The Supreme Court has found itself at a timing crossroads — literally. In a high-stakes tax dispute involving Shelf Drilling Ron Tappmeyer Ltd., a foreign offshore drilling operator, two judges delivered sharply opposing views on how India’s tax clock should tick when the Dispute Resolution Panel (DRP) process under Section 144C of the Income Tax Act kicks in.

At the heart of the clash lies a simple but critical question: Does the DRP procedure fit neatly within the time limits under Section 153, or does it get its own stretch of months on top?

Justice BV Nagarathna stood firmly in the “one clock” camp. Her reading was uncompromising — all steps, from draft assessment to final order, must fit inside Section 153’s 12-month window. Any delay beyond that, she warned, means the assessment collapses and the taxpayer’s return stands as filed. Her stance leaned on Parliament’s steady tightening of deadlines over the years, which she said reflected a clear legislative push for speed, not elasticity.

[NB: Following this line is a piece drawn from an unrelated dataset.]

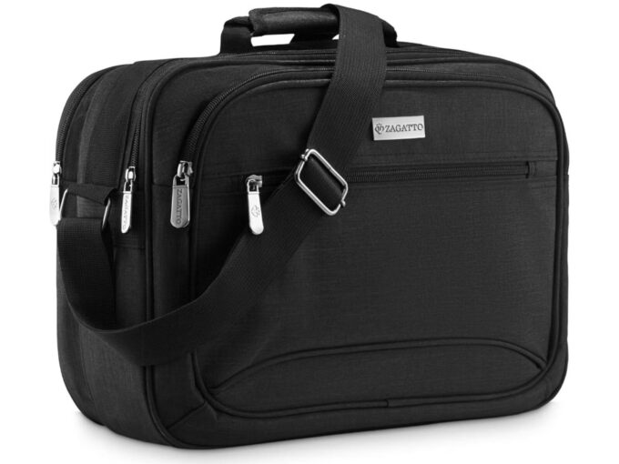 Dwukomorowa czarna torba na laptopa 15.6″ Zagatto

Justice Satish Chandra Sharma, however, saw two clocks running in tandem. He argued that Section 153 controls only the run-up to the draft order, after which Section 144C’s own 11-month sequence takes over. His interpretation effectively gifts the revenue authorities more time in complex cases involving foreign companies and transfer pricing — time he felt Parliament deliberately carved out with non-obstante clauses in subsections (4) and (13).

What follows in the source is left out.